I picked this book because it was different from what I usually find. Still, while life may offer its challenges—often in the form of distractingly comely Parisiennes—there is always time for a good bottle and a home-cooked meal. Martin Walker came to fiction late, and he seems satisfied to use a store-bought Write Your Own Mystery kit: pick a genre procedural a setting rural France a protagonist sensitive loner cop , and away he goes, writing a Engish as bald and clunky as a sophomore essay. Bruno will be the Maigret of the Dordogne. If you can't afford that vacation in the south of France this year, Bruno may be the next best thing.
Denis as it was before as possible. Bruno is chief of the police municipale, and the one and only officer on the local force, in the Périgord town of St Denis where he reports to the Mayor. Bruno Courrege is police captain in St. He is also an orphan who never had a proper home until he arrived in St Denis. A paean to the Dordogne, an exploration of fractious French history, and the debut of the most self-possessed, accomplished, even-tempered, life-savoring Holmesian character ever, Walker's first Bruno novel proves once and for all that heavyweight journalists can write mystery novels. Something dangerous is afoot in St.
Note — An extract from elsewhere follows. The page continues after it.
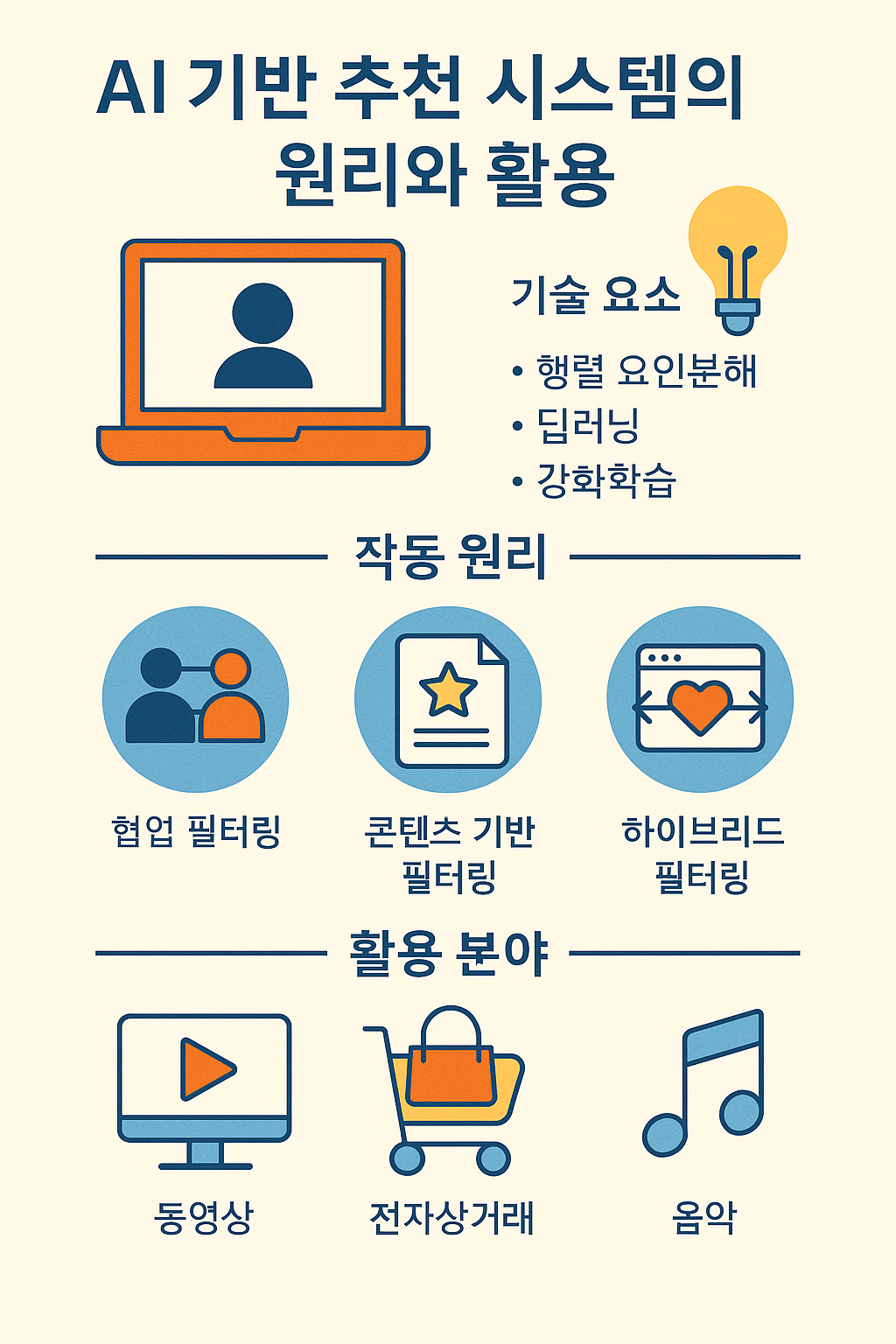 추천 시스템은 오늘날 우리가 접하는 디지털 환경에서 핵심적인 역할을 하고 있습니다. 유튜브의 영상 추천, 넷플릭스의 콘텐츠 큐레이션, 쇼핑몰의 상품 제안까지 모두 AI 기반 추천 알고리즘의 결과입니다. 이 글에서는 추천 시스템의 작동 원리와 대표 알고리즘, 실제 서비스 적용 사례와 함께, 그 이면에 있는 기술적 배경과 사회적 영향까지 자세히 살펴봅니다.

He lives in Washington, D. At the time of writing this, I am already reading the third in the series and will continue to read on. The peaceful rutiny of St. He spends his days dealing with minor issues and helping resolve them while looking out for the good of his community. He has empathy and guts, patience and understanding. It also gives a good bit of insight into the issues and challenges for contemporary France.
The crime which disturbs the idyllic commune of St Denis has its origins in France's troubled past and provokes outbreaks of the politically inspired violence that simmers beneath the placid and agreeable surface presented to tourists. I loved it because I knew enough about France that I could follow the journey of the main character. The detective, Bruno, is an appealing character, who has a few demons from the past, but loves his life in St Denis, a small town in the Dordogne. His writing style of bringing serious issues, really dark history and daily experiences to the table, without a neurotic, dark undercurrant, works in his favor, in my book at least. He has a gun but never wears it; he has the power to arrest but never uses it.
Martin Walker has got off to a flying start in what promises to be a great series. What we have here instead is a lovely, lyrical, and eminently enjoyable immersion into the life of a small fictional village in the real Dordogne in south-central France, a region famous for wine and amazing country cuisine. I felt the ending was perfect and realistic considering the events occurred in a small rural town setting. Can this one stand alone Yes. When a local scholar turns up dead, Bruno suspects unnatural causes.
If it works and I think it does we have to thank Walker's decades of reporting the sad political history of Europe 1950-2000. But then the murder of an elderly North African who fought in the French army changes all that. The food is gourmet and the inspector is thoughtful but emotionally damaged. Walker and his Bruno offer an enchanting introduction into this very real world. Like the book itself, life in St Denis is rich and slow-paced; the residents as inter-connected and dependent on each other as they are with the land they share. I enjoyed this light mystery and its charming policeman.
Then there is a new chef of the Gendarme who overvalues his own importance and insight and is bound to make a mess due to a lack of insight. The story and the characters grabbed me from page one and never let go. The first chapter opens on a beautiful day in May, with Bruno Courreges, St. The pace of the books is happily not unlike the pace of the setting. It is the first book of the series. Above all, he is a beloved, but also a seriously underestimated policeman. The first chapter opens on a beautiful day in May, with Bruno Courreges, St.
I figured out the mystery halfway through--never a good thing--and I never really got to know any of the characters as well as I wanted to. Walker's love of the place shines through. The detective, Bruno, is an appealing character, who has a few demons from the past, but loves his life in St Denis, a small town in the Dordogne. Throw in a little tension between Bruno and a young Police Nationale upstart, a mystery that keeps you guessing, the leisurely pace of the area, tennis! Denis is a small village in Perigot in the south of present-day France. Bruno -- as he is affectionately nicknamed -- may be the town's only municipal policeman, but in the hearts and minds of its denizens, he is chief of police. As they learn more about the dead man's past, Bruno's suspicions turn toward a more complex motive. That is until the commune has its fir I'm adding this to my favorite series shelf after reading just the first of seven Bruno, Chief of Police books.